Mürzsteg ist ein winzig kleiner Ort, dessen Häuser allesamt entlang einer schmalen Straße liegen. Der Ort mit nur 139 Einwohnern befindet sich idyllisch zwischen Bergen und schmiegt sich direkt an die Mürz. In Mürzzuschlag hat Ismail erst seit Dezember letzten Jahres eine Wohnung. Er erinnert sich zurück an früher, wo er jeden Tag mit dem Bus von Mürzsteg nach Mürzzuschlag fahren musste: „Ich bin so froh, dass ich das nicht mehr machen muss. Mürzsteg ist ein Dorf und ist deshalb sehr ruhig, das mag ich gerne. Aber es ist einfach zu weit weg von Mürzzuschlag und meinem Arbeitsort.“ In Mürzsteg lebte Ismail in zwei verschiedenen Unterkünften. In der Pension im Haus der Greißlerei Mitzi Tant, dem einzigen Lebensmittelgeschäft in ganz Mürzsteg, um den Dobreinerhof, wo er zusammen mit vielen anderen Flüchtlingen wohnte. Lange musste auf sein Visum warten, seit dem Vorjahr hat einen Aufenthaltstitel. Als wir vor dem Haus stehen, zeigt er auf einen keinen Platz davor: „Dieser Platz ist sehr gut im Frühling und im Sommer. Hier draußen haben wir Tee getrunken und sind in der Früh an Samstagen und an Sonntagen hier gesessen.“

„Im Frühling ist es viel schöner“

„Ich bin ein Sommermensch und hab es gerne warm. Desto heißer, desto besser gefällt es mir“, erzählt Ismail. Im Jahr 2013 kam er im November nach Österreich, schon einen Monat später schneite es und Ismail sah zum ersten Mal Schnee. Anfangs hatte er sehr mit diesen winterlichen Umständen zu kämpfen. Im Norden Sudans ist es extrem heiß, oft erreicht es dort bis zu 45-46 Grad. In der Mitte, im Süden und im Westen ist es nicht ganz so heiß. Trotzdem gibt es im gesamten Sudan keine Minusgrade – natürlich auch nie Schnee. „Kalt“ bedeutet in Ismail Heimatsland 18 Grad. „Jetzt ist es aber normal für mich“, sagt er und freut sich darauf, den Schnee hoffentlich in Zukunft seinen Töchtern zeigen zu können.
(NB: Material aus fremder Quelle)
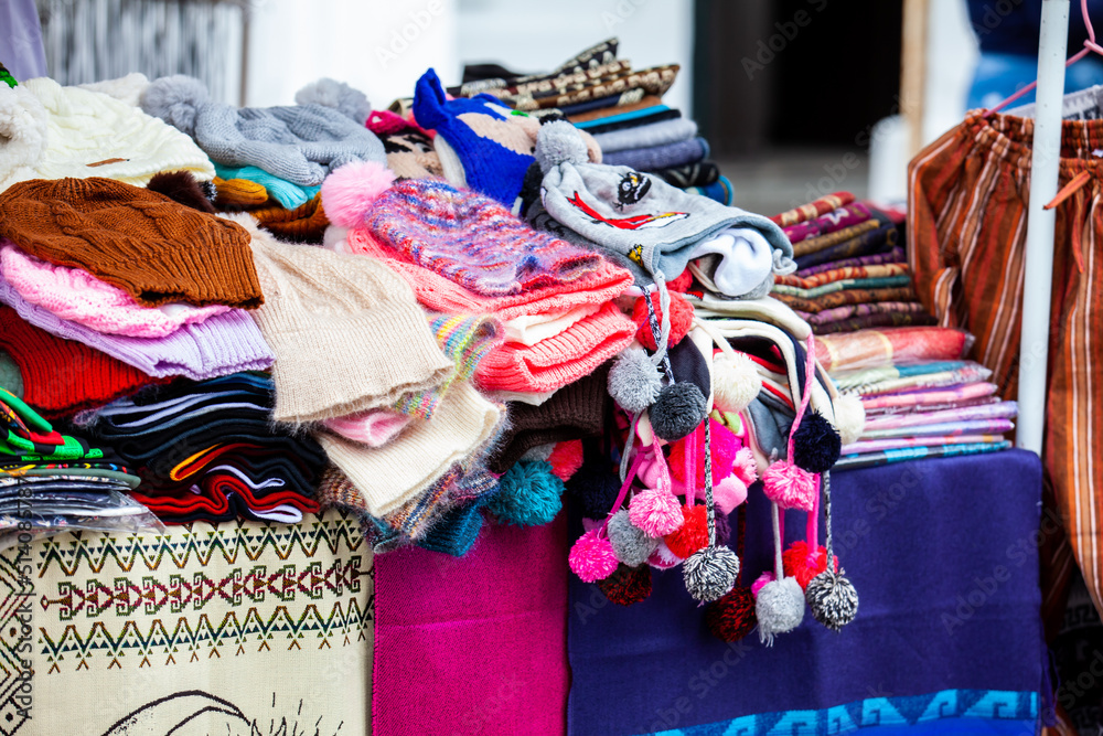 Street sale of cold weather clothing made in wool at Caldas Square in the center of the city of Popayan

Auch wenn er sich mittlerweile an die kalten Temperaturen gewöhnen konnte, schwärmt Ismail vom Frühling in Mürzsteg: „Wenn der Frühling kommt, dann ist Mürzsteg sehr schön.“ Laut ihm sind nur im Frühling und im Sommer viele Leute in Mürzsteg, sonst ist es immer ganz ruhig. Besonders das Kinderhotel Appelhof lockt in den warmen Jahreszeiten viele Besucher_innen in den Ort. Ismail meint, dass wegen des Hotels immer sehr viele Kinder in Mürzsteg sind. Als wir an einem leeren Parkplatz vorbeispazieren, sagt er darüber: „Hier war immer alles mit Autos zugeparkt, da war gar kein Platz mehr.“ Er erzählt auch, dass er im Sommer immer im Fluss schwimmen war. Als ich ihn überrascht frage, ob das nicht gefährlich ist, antwortet er mir: „Ich bin aus dem Sudan! Ich bin auch im Nil geschwommen, da gibt es viele Krokodile. Ja, ich habe Angst vor den Krokodilen gehabt, aber ich verstehe, wie sie ticken.“

Als Zeichen seiner Dankbarkeit überreicht uns Ismail ein Geschenk – Süßigkeiten, genug für jeden von uns. Als wir uns auf den Heimweg machen, winkt er uns nach und steht bereits wieder auf seinem Verkaufsplatz. Ich erinnere mich an eine der letzten Fragen, die ich ihm stellte, nämlich was er an Österreich, seiner neuen Heimat, so liebt. „Die Leute sind so nett, Österreich ist ganz grün, ich liebe die Natur hier. Die Menschen haben Tiere, Kühe und Schafe, gleich wie die Menschen in meinem Land.“ Ismail weiß noch nicht genau, was ihn in Zukunft erwartet. Sicher ist für ihn eines: „Ich werde Österreich nie vergessen“.